- Outfielder
- Born: September 9, 2002 (age 23) Paoli, Pennsylvania, U.S.
- Bats: RightThrows: Right

= Benny Montgomery =

American baseball player (born 2002)

Benjamin Dennis Montgomery (born September 9, 2002) is an American former professional baseball outfielder. He was drafted by the Colorado Rockies with the 8th overall selection of the 2021 Major League Baseball draft.

==Amateur career==
Montgomery grew up in Bloomsburg, Pennsylvania until moving to Lewisberry, Pennsylvania when he was in middle school. He attended Red Land High School. As a sophomore, he batted .359 with 23 RBIs as the Patriots won the AAAAA State Championship. Montgomery committed to play college baseball at the University of Virginia over offers from Stanford University, Duke University and the University of North Carolina earlier in his sophomore year. His junior season in 2020 was canceled due to the COVID-19 pandemic and he played in the Perfect Game All-America game that summer, where he won the event's home run derby. Montgomery also played in the East Coast Professional Showcase, the Area Code Games, and the Baseball Factory All-Star Classic. Montgomery entered senior season as the top collegiate outfield prospect and as a top prospect for the upcoming Major League Baseball draft. In 2021, as a senior, he led Red Land to the AAAAA State Championship game again and was named the Pennsylvania Gatorade Player of the Year. He ended his senior year batting .420 with seven home runs, 22 RBIs, and 19 stolen bases.

==Professional career==
Montgomery was selected by the Colorado Rockies with the eighth overall pick in the 2021 Major League Baseball draft. Montgomery signed with the Rockies for a bonus of $5 million. Montgomery was assigned to the Rookie-level Arizona Complex League Rockies to start his professional career and batted .340 over 14 games. He opened the 2022 season with the Fresno Grizzlies of the Single-A California League.

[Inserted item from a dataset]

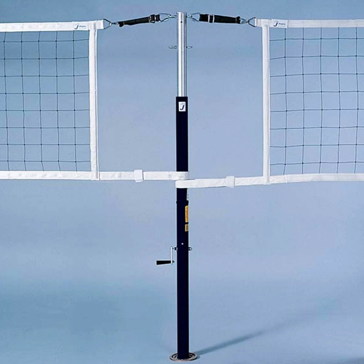 Extend your program with this center standard package for side by side court set-up. TheΒ Jaypro PVBC-700 center standard package can turn your gym into a two-court set-up when accompanied with the JayproΒ PVB-7000LS Powerlite International volleyball net system, see below.TheΒ patented Flex Net eliminates all cumbersome cables and replaces them with heavy-duty woven nylon top and bottom bands. The headband attaches directly to the winch leader strap to provide superb net tension. Designed for systems set at a maximum of 36′ 8′ on center and a minimum of 35′ on center (normal spacing is 35′ 10″).

Montgomery spent the 2023 season with the High–A Spokane Indians, playing in 109 games and batting .251/.336/.370 with 10 home runs, 51 RBI, and 18 stolen bases.

Montgomery was assigned to the Double–A Hartford Yard Goats to begin the 2024 season. In 11 appearances, he hit .283/.313/.500 with two home runs, 10 RBI, and three stolen bases. On May 12, 2024, Montgomery underwent surgery to repair a left shoulder injury. On June 21, 2026, Montgomery retired while in his third straight season at AA Hartford.